Ristrutturazione e risanamento conservativo: le differenze
In pendenza di istanza di condono, la qualificazione dell'intervento diventa fondamentale al fine di individuare un'eventuale prosecuzione indebita dei lavori
A differenza degli interventi solo manutentivi, gli interventi di ristrutturazione possono comportare la trasformazione, in tutto o in parte, dell’organismo edilizio precedentemente esistente.
La categoria del risanamento conservativo non può invece comprendere modifiche sostanziali all’immobile e all’assetto edilizio e, senza dubbio, non contempla la possibilità di condurre ampliamenti che vadano ad alterare qualitativamente e quantitativamente un fabbricato oggetto di istanza di condono pendente.
Ristrutturazione e risanamento conservativo: quali differenze
A spiegarlo è il Consiglio di Stato con la sentenza del 19 novembre 2024, n. 9271, che rigetta un ricorso per l’annullamento del diniego di due istanze di condono edilizio per opere di ristrutturazione edilizia “pesante” conseguite senza titoli all’interno di un’area soggetta a vincoli di tutela paesaggistica ai sensi del D.lgs. n. 42/2004 (Codice dei beni culturali e del paesaggio).
Si chiarisce in particolare che:
- la ristrutturazione edilizia di cui all’art. 3, comma 1, lett. d) del d.P.R. n. 380/2001 (Testo Unico Edilizia) comprende l’esecuzione di interventi di ripristino o sostituzione di elementi costitutivi dell’edificio, nonché l’eliminazione, la modificazione e l’inserimento di nuovi elementi ed impianti.
- gli interventi di ristrutturazione edilizia includono inoltre la trasformazione radicale degli edifici, mediante un insieme sistematico di opere che possono portare ad un organismo edilizio in tutto o in parte diverso dal precedente.
Ed è proprio tale condizione che li distingue dagli interventi di risanamento conservativo di cui all’art. 3, comma 1, lett. c) del TUE.
Le opere di restauro e risanamento conservativo, infatti, sono finalizzate esclusivamente a garantire la conservazione e la funzionalità dell’organismo edilizio, e devono essere condotte nel rispetto degli elementi tipologici, formali e strutturali dello stesso.
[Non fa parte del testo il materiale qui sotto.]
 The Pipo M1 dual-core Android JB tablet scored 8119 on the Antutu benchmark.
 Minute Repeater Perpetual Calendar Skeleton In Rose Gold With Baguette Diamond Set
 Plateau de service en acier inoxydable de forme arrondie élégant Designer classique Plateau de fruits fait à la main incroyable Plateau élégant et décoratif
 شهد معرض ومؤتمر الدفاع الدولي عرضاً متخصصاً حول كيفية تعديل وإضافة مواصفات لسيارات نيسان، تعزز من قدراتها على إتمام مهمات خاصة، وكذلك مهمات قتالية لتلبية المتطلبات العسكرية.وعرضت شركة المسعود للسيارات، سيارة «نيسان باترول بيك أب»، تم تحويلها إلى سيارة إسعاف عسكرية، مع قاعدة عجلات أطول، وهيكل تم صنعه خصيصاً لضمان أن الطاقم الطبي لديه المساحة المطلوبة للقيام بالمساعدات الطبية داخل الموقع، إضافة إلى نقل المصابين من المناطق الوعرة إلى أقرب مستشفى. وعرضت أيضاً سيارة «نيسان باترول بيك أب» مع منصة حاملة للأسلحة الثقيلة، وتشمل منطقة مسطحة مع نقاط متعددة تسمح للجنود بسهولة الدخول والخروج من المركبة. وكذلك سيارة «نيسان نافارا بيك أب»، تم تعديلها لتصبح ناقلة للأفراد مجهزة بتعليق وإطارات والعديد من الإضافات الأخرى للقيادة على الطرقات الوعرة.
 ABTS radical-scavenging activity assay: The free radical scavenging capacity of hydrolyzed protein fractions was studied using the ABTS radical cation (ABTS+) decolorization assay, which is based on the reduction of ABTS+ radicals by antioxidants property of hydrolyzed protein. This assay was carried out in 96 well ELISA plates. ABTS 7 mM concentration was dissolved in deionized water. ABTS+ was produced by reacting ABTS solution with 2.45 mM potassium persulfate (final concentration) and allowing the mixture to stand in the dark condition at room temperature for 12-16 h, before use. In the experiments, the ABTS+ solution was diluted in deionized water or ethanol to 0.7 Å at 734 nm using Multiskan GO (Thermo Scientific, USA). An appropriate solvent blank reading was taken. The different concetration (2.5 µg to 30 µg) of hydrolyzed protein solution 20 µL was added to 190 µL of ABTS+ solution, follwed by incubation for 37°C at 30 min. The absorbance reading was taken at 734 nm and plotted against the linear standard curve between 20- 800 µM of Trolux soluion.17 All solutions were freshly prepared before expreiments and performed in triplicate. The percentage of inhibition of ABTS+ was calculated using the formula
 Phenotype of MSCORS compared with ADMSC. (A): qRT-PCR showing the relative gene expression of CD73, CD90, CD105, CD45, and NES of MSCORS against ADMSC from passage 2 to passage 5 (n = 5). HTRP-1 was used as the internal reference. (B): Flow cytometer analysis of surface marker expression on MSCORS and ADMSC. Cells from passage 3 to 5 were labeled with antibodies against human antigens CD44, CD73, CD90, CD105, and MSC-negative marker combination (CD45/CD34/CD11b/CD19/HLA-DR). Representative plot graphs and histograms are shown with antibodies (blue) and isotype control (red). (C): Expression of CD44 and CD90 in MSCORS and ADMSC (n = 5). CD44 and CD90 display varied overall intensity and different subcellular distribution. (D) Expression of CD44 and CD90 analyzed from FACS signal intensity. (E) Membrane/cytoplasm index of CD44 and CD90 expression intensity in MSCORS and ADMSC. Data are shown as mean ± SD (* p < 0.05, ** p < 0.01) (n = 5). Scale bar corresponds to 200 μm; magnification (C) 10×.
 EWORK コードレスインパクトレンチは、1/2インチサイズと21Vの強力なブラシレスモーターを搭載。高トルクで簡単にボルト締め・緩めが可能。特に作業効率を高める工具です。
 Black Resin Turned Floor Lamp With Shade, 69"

Possono anche comprendere la modifica della destinazione d’uso del fabbricato, sempre però rispettandone gli elementi caratteristici, e a patto che i lavori risultino conformi alle prescrizioni degli strumenti urbanistici generali e ai piani attuativi territoriali.
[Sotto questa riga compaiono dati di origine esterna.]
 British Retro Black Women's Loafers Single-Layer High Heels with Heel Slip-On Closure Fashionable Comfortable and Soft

È chiaro quindi che il risanamento conservativo non può in alcun modo contemplare opere finalizzate a modificare in modo sostanziale l’assetto edilizio preesistente, e non ammette ampliamenti di superfici e volumi.
Condono edilizio: no ad ampliamenti in area vincolata
Nel caso in esame, sono state realizzate, senza titoli e in area tutelata da vincoli paesaggistici, delle opere di ampliamento che hanno determinato un aumento di più del doppio della superficie dell’immobile preesistente; immobile che era oggetto delle due istanze di sanatoria richieste dal precedente proprietario ai sensi della Legge n. 724/1994 (Secondo Condono Edilizio) e del DL n. 269/2003 convertito nella Legge n. 326/2003 (Terzo Condono Edilizio).
Le ulteriori opere conseguite in seguito alla presentazione delle istanze di condono, per pacifica giurisprudenza, si configurano come prosecuzione indebita degli illeciti già conseguiti e, come tali, sono da ritenersi abusivi al pari dell’immobile originario.
In questo caso, nello specifico, oggetto della prima istanza era un manufatto al piano terra di circa 16 mq, al quale è stata poi aggiunta un’altra stanza di oltre 19 mq, che è stata integrata nella seconda istanza di condono nel 2004, per un immobile che quindi risultava complessivamente di 35 mq circa.
Con la prosecuzione indebita delle opere messa in atto dal proprietario attuale, ad oggi, il fabbricato ha una superficie di oltre 80 mq e risulta dislocato su duplice livello, configurandosi dunque come qualitativamente e quantitativamente diverso rispetto a quello indicato nelle due istanze di condono.
Gli interventi hanno comportato infatti la totale trasformazione dell’organismo edilizio preesistente, e sono qualificabili quindi come opere di ristrutturazione edilizia “pesante” - per le quali risultava obbligatorio il Permesso di Costruire ai sensi dell’art. 10, comma 1, lett. c) del TUE - che hanno portato alla totale difformità tra il fabbricato nello stato attuale e quello oggetto delle istanze di condono.
Il Terzo Condono Edilizio non può essere rilasciato per interventi di nuova costruzione o ristrutturazione eseguiti illecitamente in area vincolata, pertanto il ricorso dev’essere rigettato.